Appeal from the district court
Judge Wallace (Dissent by Judge Graber)
The debtors filed chapter 13 on Mar 7, 2001. They had not yet filed their 2000 tax return. They estimated their 2000 state income taxes at $10,000 and provided for that in their plan which was confirmed. The FTB did not object or file a proof of claim. The debtors filed their 2000 return on October 15, 2001 showing a tax owed of $28,000. The debtors later completed their plan and received a discharge. The FTB then began collection of the remaining 2000 tax. The debtors filed an adversary proceeding seeking to stop the FTB from trying to collect the tax. The FTB argued that it was a postpetition tax or that they did not receive adequate notice. The parties agreed that if it is a postpetition tax, it is not discharged. The bankruptcy court agreed with the debtors. The district court ruled that the tax was technically discharged but reversed holding that the FTB did not receive adequate notice.
The 9th Circuit reversed the district court agreeing that the tax was discharged. The chapter 13 discharge provides that debts "provided for under the plan" are discharged. Section 1305 provides that "[a] proof of claim may be filed by any entity that holds a claim against a debtor . . . (1) for taxes that become payable to a governmental unit while the case is pending." The issue then is whether the taxes "became payable" while the case was pending. The 9th Circuit went through a nice analysis of the meaning of payable. Generally in "'customary usage'" [it] means … `[c]apable of being paid' [and] `justly due' and `legally enforceable.' " But this is bankruptcy. We have to look to Section 502(i) which "addresses tax claims held by governmental entities. This section provides that `[a] claim [for certain tax liabilities owed to governmental units] that does not arise until after the commencement of the case . . . shall be determined, and shall be allowed . . . the same as if such claims had arisen before the date of the filing of the petition.'" Therefore the tax due for 2000 was a claim which "arose" before the filing and is "payable" before the filing, especially since is certainly could have been computed and paid before the filing.

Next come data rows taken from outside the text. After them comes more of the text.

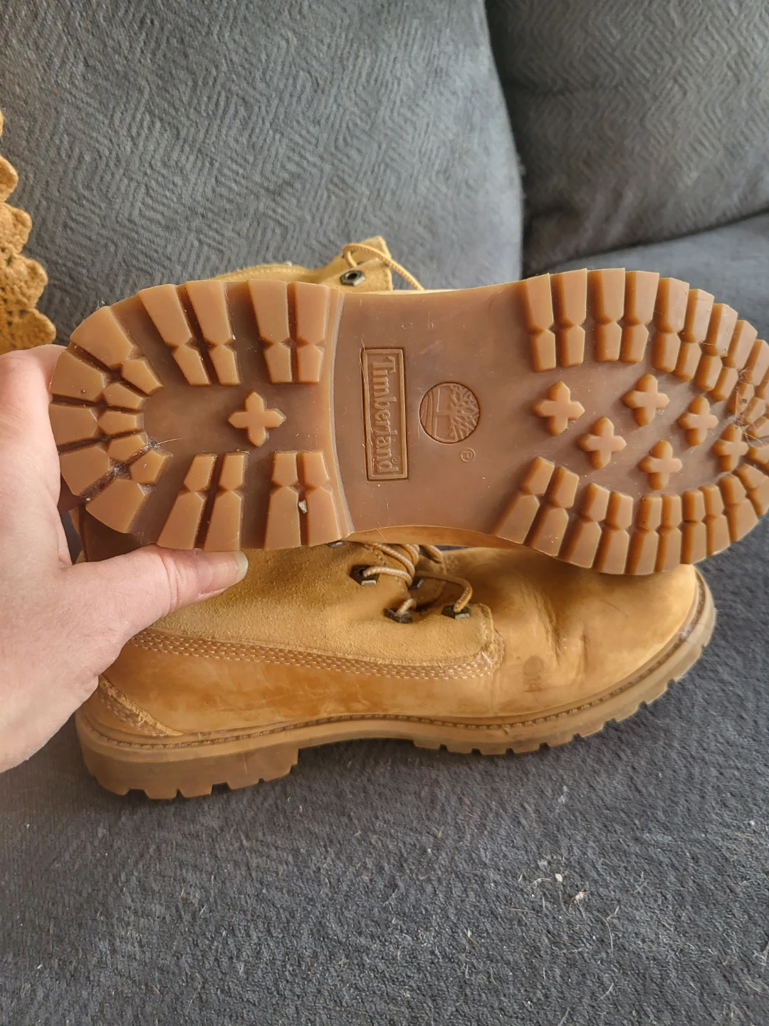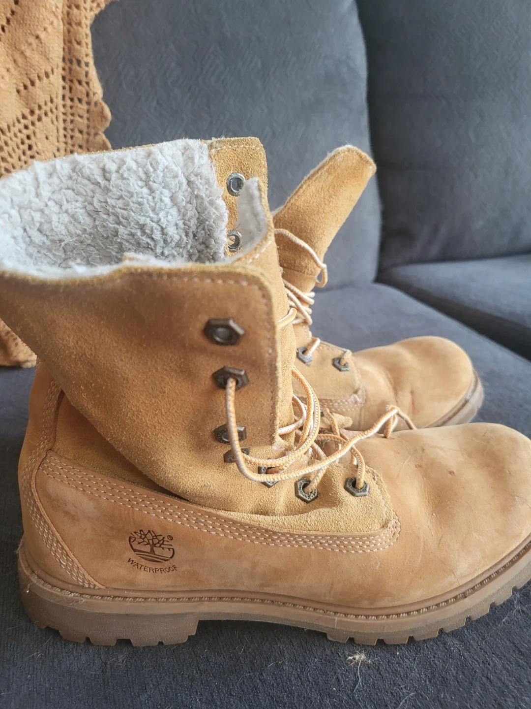 Timberland waterproof boots in a tan suede. They feature a cozy sherpa lining for extra warmth. Durable rubber lug sole for great traction.needs cleaning
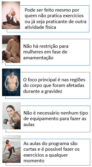 Diferente dos outros programas de emagrecimento, as aulas são direcionadas principalmente para mulheres que já passaram por alguma gravidez e não conseguiu voltar à forma.
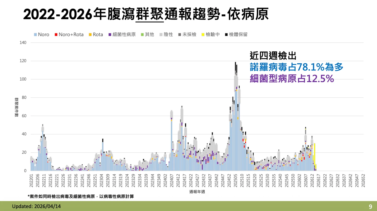 疾管署今(14)日下午舉行例行疫情周報記者會,發言人曾淑慧說,近期氣溫溫暖濕熱,細菌可以快速滋長、繁殖,比較容易造成腸胃道感染,近期兩個重要的腹瀉群聚事件,都是沙門氏菌感染所致,這個病菌的潛伏期短,最短只有6小時。
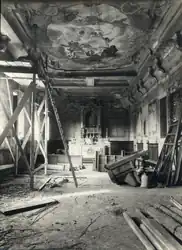 Work resumed at a later date after interruptions due to legal issues. The Regional Administrative Court in 1985 decided to award the building to the public authority, but the ruling was annulled shortly afterwards as illegitimate. The private property sent a plan for the allocation of the space and at ministerial level the response only arrived in 1988.
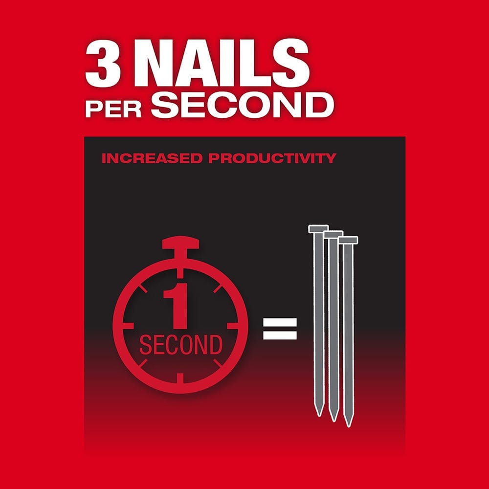 2745-20 M18 FUEL Brushless 30-Degree Framing Nailer, Tool OnlyThe New StandardThe 2745M18 FUEL 30 Degree Framing Nailer sets the new standard for cordless framing nailers. By leveraging our nitrogen spring mechanism, POWERSTATE brushless motor, and REDLINK Intelligence, this nailer provides you with pneumatic performance and the convenience and freedom of cordless power.3 Nails per SecondDelivering the power to sink full round head nails into dense engineered lumbers, this framing nailer allows you to tackle even the most demanding framing applications. To keep you productive and efficient throughout the day, the framing gun fires 3 nails per second with zero ramp-up time, meaning a nail is fired as soon as you pull the trigger. Pneumatic PerformanceAdditionally, the cordless framing nailer operates using only our REDLITHIUM Batteries (not included) and sealed compressed nitrogen to drive each nail, completely eliminating the cost of gas cartridges and maintenance associated with competitors’ nailers. The M18 FUEL 30 Degree Framing Nailer delivers the pneumatic performance and durability that professional carpenters and remodelers expect, without the hassle of a compressor and hose or gas cartridge.Milwaukee 2744-20 M18 FUEL Brushless 21-Degree Framing Nailer, Tool Only Features:
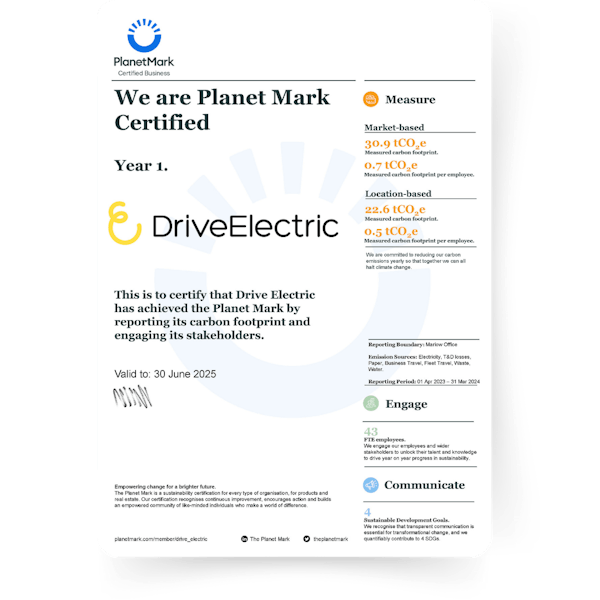 DriveElectric is proud to announce that we are now Planet Mark certified, demonstrating our commitment to reducing our environmental impact. As part of this certification, we have pledged to measure and reduce our carbon footprint annually, actively working to cut emissions, enhance sustainability practices, and engage our entire team in this important process.
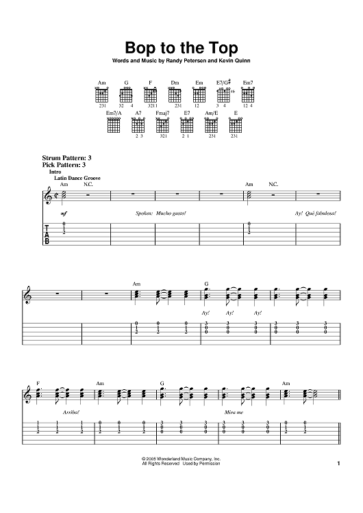 Digital Sheet Music for Bop To The Top by Randy Petersen, Kevin Quinn scored for Easy Guitar Tab; id:402251
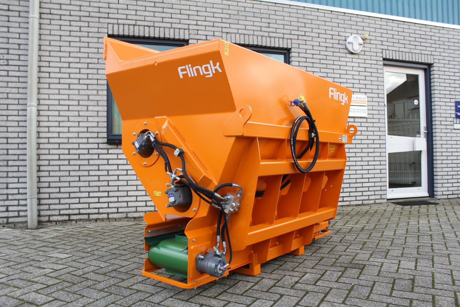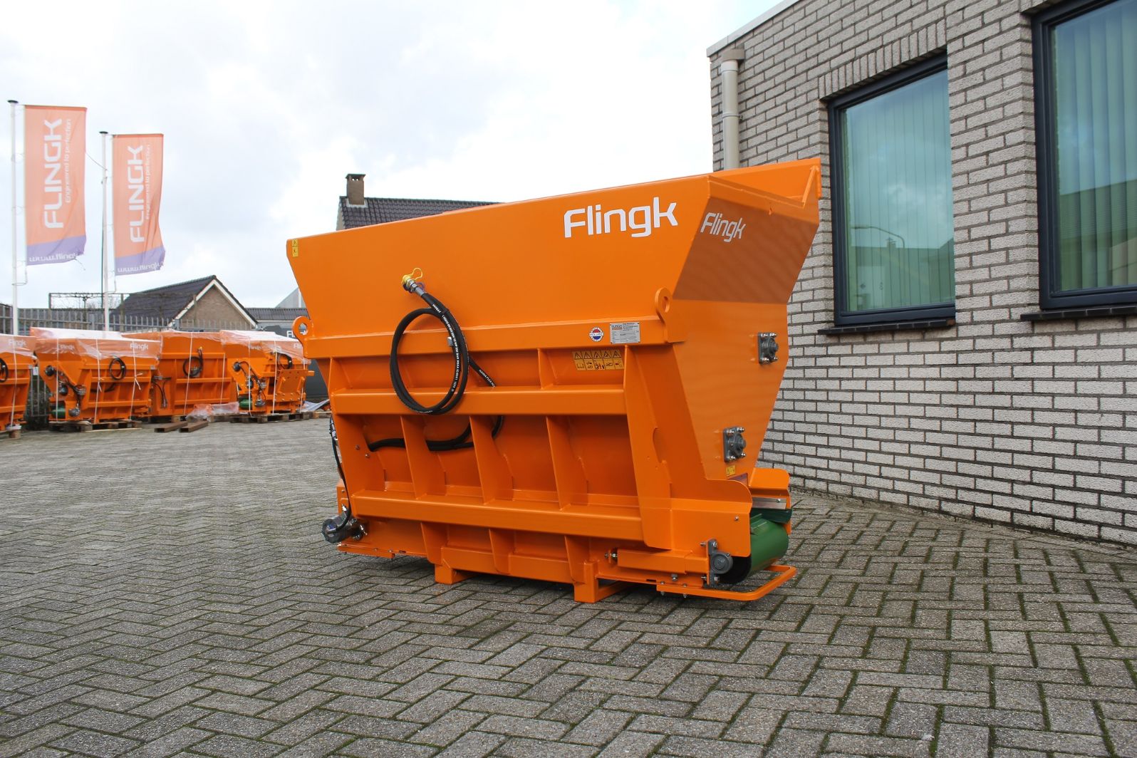 De Flingk KSS is leverbaar met een inhoud vanaf 750 liter. In het grootste model past maar liefst 4500 liter. De breedtes lopen uiteen van 130 centimeter tot 300 centimeter. Daarnaast kan de KSS-instrooier op verschillende machines worden gemonteerd. Van een trekker tot een voorlader en van een verreiker tot een shovel: het is allemaal mogelijk. In bijna alle gevallen volstaat één dubbelwerkende hydraulische functie om met de machine te kunnen werken.
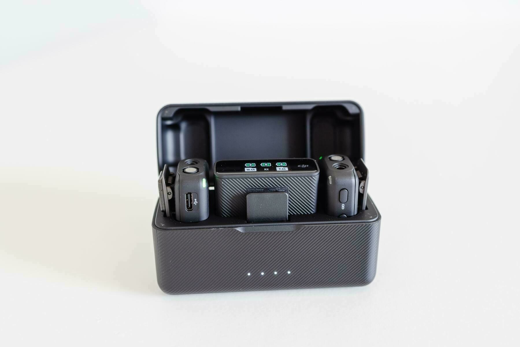 These are my DJI microphones, and as a travelling nerd I really appreciate how they've been engineered, all to stay within the little charging case.

The opinion rejects the notion that "payable" means what the FTB rulings and manuals say (and even the IRS rulings and manuals) as this is bankruptcy law.
As to the notice issue, the opinion says "[w]hen the holder of a large, unsecured claim [in bankruptcy] . . . receives any notice from the bankruptcy court that its debtor has initiated bankruptcy proceedings, it is under constructive or inquiry notice that its claim may be affected, and it ignores the proceedings to which the notice refers at its peril." Citing Matter of Gregory, 705 F.2d 1118 (9th Cir. 1983). The FTB argued that it did not know how much was owed and could not file a proof of claim until the debtor filed the tax return. The 9th Circuit said that the FTB could have estimated the claim or asked for an extension of time to file the POC. "We acknowledge that the Board has the unenviable task of maintaining complete and accurate records for the millions of taxpayers in the State of California. But we are not at liberty to rework the Bankruptcy Code in order to lighten its burden."
The dissent argued that Section 502(i) is not relevant because it deals with claims "that arise" and 1305 deals with "taxes that become payable." She also says that the 9th Circuit should follow the 5th Circuit "because of the importance of national uniformity in administering the Bankruptcy Code." Now, she says, there is a split between the circuits.